(TASK BRIEF) Below are some records. Return exactly the lines from the one with "Baby pink pre-stitched" to the one with "BOHEMIAN Fan Earrings Gold Tassel. NWT", and nothing else.

ENTRIES SUPPLIED section start

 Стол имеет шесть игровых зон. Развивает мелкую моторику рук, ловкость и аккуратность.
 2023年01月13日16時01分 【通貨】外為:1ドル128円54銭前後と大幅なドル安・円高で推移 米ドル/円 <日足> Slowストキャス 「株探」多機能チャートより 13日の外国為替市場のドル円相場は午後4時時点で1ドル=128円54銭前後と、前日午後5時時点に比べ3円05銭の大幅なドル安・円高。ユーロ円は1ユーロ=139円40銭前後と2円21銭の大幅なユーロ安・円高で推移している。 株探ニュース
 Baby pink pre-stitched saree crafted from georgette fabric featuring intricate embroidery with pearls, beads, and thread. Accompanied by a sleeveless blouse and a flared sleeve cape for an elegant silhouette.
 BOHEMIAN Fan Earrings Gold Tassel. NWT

ENTRIES SUPPLIED section end
ENTRIES SUPPLIED section start

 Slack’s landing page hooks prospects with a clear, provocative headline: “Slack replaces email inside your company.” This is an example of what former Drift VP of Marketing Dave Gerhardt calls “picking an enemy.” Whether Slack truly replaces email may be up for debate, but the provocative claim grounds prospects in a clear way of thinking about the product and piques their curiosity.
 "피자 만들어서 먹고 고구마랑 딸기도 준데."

ENTRIES SUPPLIED section end
ENTRIES SUPPLIED section start

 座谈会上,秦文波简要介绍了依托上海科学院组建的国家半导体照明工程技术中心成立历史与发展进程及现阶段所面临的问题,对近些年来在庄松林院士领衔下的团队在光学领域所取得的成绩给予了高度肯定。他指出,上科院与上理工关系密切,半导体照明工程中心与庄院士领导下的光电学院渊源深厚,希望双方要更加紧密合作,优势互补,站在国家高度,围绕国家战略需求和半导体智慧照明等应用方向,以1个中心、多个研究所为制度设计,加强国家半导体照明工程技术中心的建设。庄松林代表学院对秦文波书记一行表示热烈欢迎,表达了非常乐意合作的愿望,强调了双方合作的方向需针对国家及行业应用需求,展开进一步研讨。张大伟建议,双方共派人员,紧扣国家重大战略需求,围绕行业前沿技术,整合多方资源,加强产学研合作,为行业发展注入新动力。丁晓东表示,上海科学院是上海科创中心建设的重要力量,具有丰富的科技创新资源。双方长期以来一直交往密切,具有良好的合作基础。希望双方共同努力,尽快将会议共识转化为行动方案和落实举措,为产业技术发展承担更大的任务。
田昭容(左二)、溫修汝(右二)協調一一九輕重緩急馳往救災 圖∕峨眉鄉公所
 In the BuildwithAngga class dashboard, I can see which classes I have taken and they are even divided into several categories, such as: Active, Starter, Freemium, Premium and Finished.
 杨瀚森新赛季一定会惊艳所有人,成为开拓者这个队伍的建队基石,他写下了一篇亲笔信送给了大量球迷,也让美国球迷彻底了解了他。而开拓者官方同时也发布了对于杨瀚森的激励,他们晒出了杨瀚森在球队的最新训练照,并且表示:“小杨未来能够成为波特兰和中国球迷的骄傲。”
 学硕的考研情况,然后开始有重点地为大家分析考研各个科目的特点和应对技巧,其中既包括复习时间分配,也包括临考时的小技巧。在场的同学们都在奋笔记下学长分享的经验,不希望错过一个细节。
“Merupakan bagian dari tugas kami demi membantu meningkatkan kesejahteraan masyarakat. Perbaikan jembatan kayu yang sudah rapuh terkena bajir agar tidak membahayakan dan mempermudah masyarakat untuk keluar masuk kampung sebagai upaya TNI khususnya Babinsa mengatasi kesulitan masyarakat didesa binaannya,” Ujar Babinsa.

ENTRIES SUPPLIED section end

(WRITTEN REPLY)
 Baby pink pre-stitched saree crafted from georgette fabric featuring intricate embroidery with pearls, beads, and thread. Accompanied by a sleeveless blouse and a flared sleeve cape for an elegant silhouette.
 BOHEMIAN Fan Earrings Gold Tassel. NWT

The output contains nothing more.